The Walmart Wage & Hour Train Rolls On
News came yesterday that Walmart lost its appeal of a $187.6 Million verdict in a Pennsylvania wage & hour case originally tried back in 2006. The suit alleged that 187,000 workers were denied their right to rest and lunch breaks under Pennsylvania state law. The case was notable because Walmart attempted to distance itself from its own documentation of time records for its PA employees, claiming that the timesheets were too faulty to be trusted.
The Plaintiffs argued that local managers were under ever-increasing pressure to cut costs, resulting in chronic understaffing that led some workers to work through their breaks, whether or not they were still on the clock. Walmart claimed the records that showed when employees punched in or out were too inaccurate to be used as legal evidence.

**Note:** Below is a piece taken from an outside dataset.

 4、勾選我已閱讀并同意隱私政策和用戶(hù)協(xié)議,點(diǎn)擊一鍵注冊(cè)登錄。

The Pennsylvania Superior Court apparently wasn’t thrilled with the argument, noting that the company’s own internal investigations had revealed illegal “off-the-clock” work. According to the Plaintiff’s Attorney’s press release, Walmart also tried to argue that it had been denied due process because the trial court refused to let it question each individual class member regarding their hours worked.

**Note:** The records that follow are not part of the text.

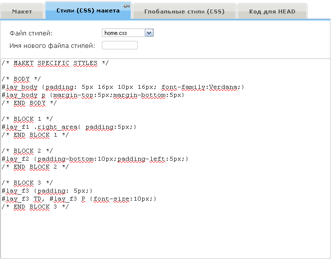 На форме редактирования макета рассмотрим закладку «Стили (CSS) макета».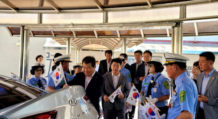 새마을교통봉사대 김천지대는 지난 15일 관내 차량 통행이 잦은 버스터미널, 김천역, 이마트 사거리, 의료원 사거리, KTX 김천구미역 등으로 이동하며 택시와 일반 승용차 등에 태극기를 달아주며 시민들이 순국선열의 희생을 기억하고 광복절의 의미를 되새기자는 캠페인 활동을 펼쳤다.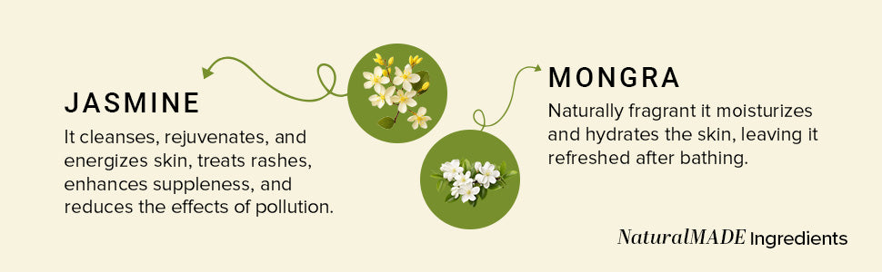 Indulge in the luxurious experience ofย Jasmine & Mogra Body Wash, a moisturizing yet non-greasy formula that gently cleanses your skin while preserving its natural oils. Enriched with the delicate floral scent of jasmine and mogra, this body wash leaves a long-lasting fragrance. Its gentle, SLS & paraben-free formula nourishes and purifies the skin, improving elasticity with each use. Say goodbye to dirt and grime as this gentle cleanser effectively removes impurities without stripping your skin of its natural moisture. Treat yourself to the ultimate shower wash experience with our jasmine & Mogra Body Wash.

It wasn’t a total loss, though – the Court said that some of the plaintiff’s attorney’s fees were counted twice, and would have to be recalculated. That’s a drop in the bucket compared the the verdict and add-on penalties levied against the company. For a great breakdown of how the Pennsylvania Wage Payment and Collection Law turned a $49 Million verdict into $187 Million payout, see Phillip K. Miles’s Lawffice Space post here.
A Walmart spokesman said they are looking forward to further appeal.

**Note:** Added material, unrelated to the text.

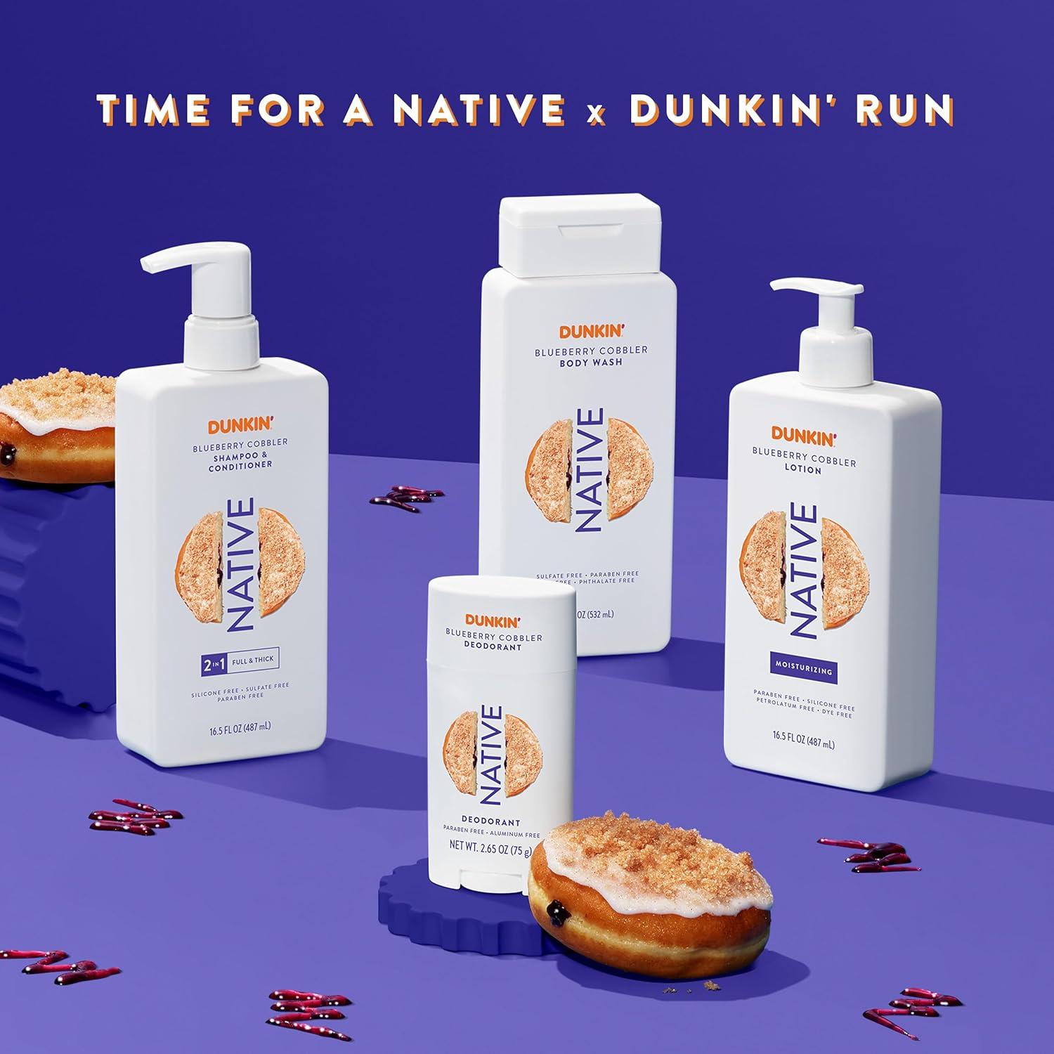 Start your day the right way with Native x Dunkin’. This limited-edition collection of irresistibly delicious Strawberry Frosted, Vanilla Sprinkle, Blueberry Cobbler, and Boston Creme scents will give you the kind of clean you crave. Free of sulfated surfactants, parabens, phthalates, and dyes, these delightful formulas deliver a luxurious lather in the shower and leave skin feeling moisturized when you step out of it. It’s an in-shower experience you donut want to miss.

All the while, the world is waiting with bated breath to see what the Supreme Court has to say about Dukes v. Wal-Mart, the biggest wage-and-hour class action ever1, which finally made its way to Washington. Though it is on the tip of every employment lawyer’s tongue, the question before SCOTUS doesn’t have that much to do with the wages or hours of Walmart employees, and everything to do with the nature and future of class actions in American jurisprudence.
The question before the Court is not whether Walmart violated any wage laws, but whether a class of this size – all women who worked for Walmart between 1998 and now – is really ever fair. Walmart is arguing that it is impossible for every women it’s employed for the past 13 years to have enough in common to be certified as a single class.
Oral arguments in that case are over (and seemed to go well for the retailer), and the decision is expected early this summer.